Mayo Medical School, Mayo Clinic, Rochester, MN 55905, USA.
Circ Arrhythm Electrophysiol. 2012 Aug 1;5(4):782-8. doi: 10.1161/CIRCEP.112.971754. Epub 2012 Jul 11.
Treatment options for patients with recurrent ventricular arrhythmias refractory to pharmacotherapy and ablation are minimal. Although left cardiac sympathetic denervation (LCSD) is well established in long-QT syndrome, its role in non-long-QT syndrome arrhythmogenic channelopathies and cardiomyopathies is less clear. Here, we report our single-center experience in performing LCSD in this setting.
In this institutional review board-approved study, we retrospectively reviewed the electronic medical records of all patients (N=91) who had videoscopic LCSD at our institution from 2005 to 2011. Data were analyzed for the subset (n=27) who were denervated for an underlying diagnosis other than autosomal dominant or sporadic long-QT syndrome.

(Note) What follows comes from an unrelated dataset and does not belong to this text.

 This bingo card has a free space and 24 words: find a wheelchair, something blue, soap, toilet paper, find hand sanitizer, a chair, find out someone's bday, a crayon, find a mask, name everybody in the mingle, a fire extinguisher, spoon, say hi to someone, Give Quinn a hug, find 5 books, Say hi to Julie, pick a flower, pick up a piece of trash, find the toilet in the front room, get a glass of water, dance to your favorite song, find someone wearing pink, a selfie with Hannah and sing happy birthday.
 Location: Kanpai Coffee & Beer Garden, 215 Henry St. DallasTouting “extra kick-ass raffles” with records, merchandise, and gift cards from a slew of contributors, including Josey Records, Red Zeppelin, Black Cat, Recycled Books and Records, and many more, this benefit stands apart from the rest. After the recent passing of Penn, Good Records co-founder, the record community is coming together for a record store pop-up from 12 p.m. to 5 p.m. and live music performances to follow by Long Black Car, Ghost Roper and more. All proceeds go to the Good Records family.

The spectrum of arrhythmogenic disease included catecholaminergic polymorphic ventricular tachycardia (n=13), Jervell and Lange-Nielsen syndrome (n=5), idiopathic ventricular fibrillation (n=4), left ventricular noncompaction (n=2), hypertrophic cardiomyopathy (n=1), ischemic cardiomyopathy (n=1), and arrhythmogenic right ventricular cardiomyopathy (n=1). Five patients had LCSD because of high-risk assessment and β-blocker intolerance, none of whom had a sentinel breakthrough cardiac event at early follow-up. Among the remaining 22 previously symptomatic patients who had LCSD as secondary prevention, all had an attenuation in cardiac events, with 18 having no breakthrough cardiac events so far and 4 having experienced ≥1 post-LCSD breakthrough cardiac event.

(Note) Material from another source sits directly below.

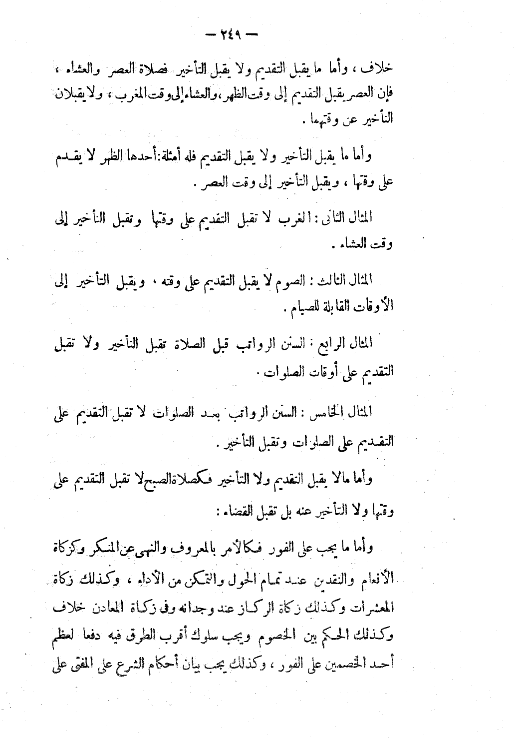 وَأَمَّا مَا لَا يَقْبَلُ التَّقْدِيمَ وَلَا التَّأْخِيرَ فَكَصَلَاةِ الصُّبْحِ لَا تَقْبَلُ التَّقْدِيمَ عَلَى وَقْتِهَا وَلَا التَّأْخِيرَ عَنْهُ بَلْ تَقْبَلُ الْقَضَاءَ.

LCSD may represent a substrate-independent antifibrillatory treatment option for patients with life-threatening ventricular arrhythmia syndromes other than long-QT syndrome. The early follow-up seems promising, with a marked reduction in the frequency of cardiac events postdenervation.
对于药物治疗和消融治疗无效的复发性室性心律失常患者,治疗选择有限。虽然左侧心脏交感神经切除术(LCSD)在长 QT 综合征中已得到充分证实,但在非长 QT 综合征心律失常性通道病和心肌病中的作用尚不清楚。在此,我们报告了我们在这种情况下进行 LCSD 的单中心经验。
在这项经机构审查委员会批准的研究中,我们回顾性分析了 2005 年至 2011 年在我们机构接受内镜下 LCSD 的所有患者(N=91)的电子病历。对除常染色体显性或散发性长 QT 综合征以外的潜在诊断进行 LCSD 的亚组(n=27)患者的数据进行了分析。心律失常性疾病谱包括儿茶酚胺多形性室性心动过速(n=13)、Jervell 和 Lange-Nielsen 综合征(n=5)、特发性室性颤动(n=4)、左室致密化不全(n=2)、肥厚型心肌病(n=1)、缺血性心肌病(n=1)和致心律失常性右室心肌病(n=1)。有 5 例患者因高危评估和β受体阻滞剂不耐受而行 LCSD,在早期随访中均未发生突破性心脏事件。在其余 22 例曾有症状的患者中,作为二级预防行 LCSD 后,所有患者的心脏事件均有所减轻,其中 18 例迄今为止未发生突破性心脏事件,4 例发生≥1 次 LCSD 后突破性心脏事件。
LCSD 可能是除长 QT 综合征以外的危及生命的室性心律失常综合征患者的一种独立于底物的抗纤维颤治疗选择。早期随访结果令人鼓舞,神经切断术后心脏事件的发生频率明显降低。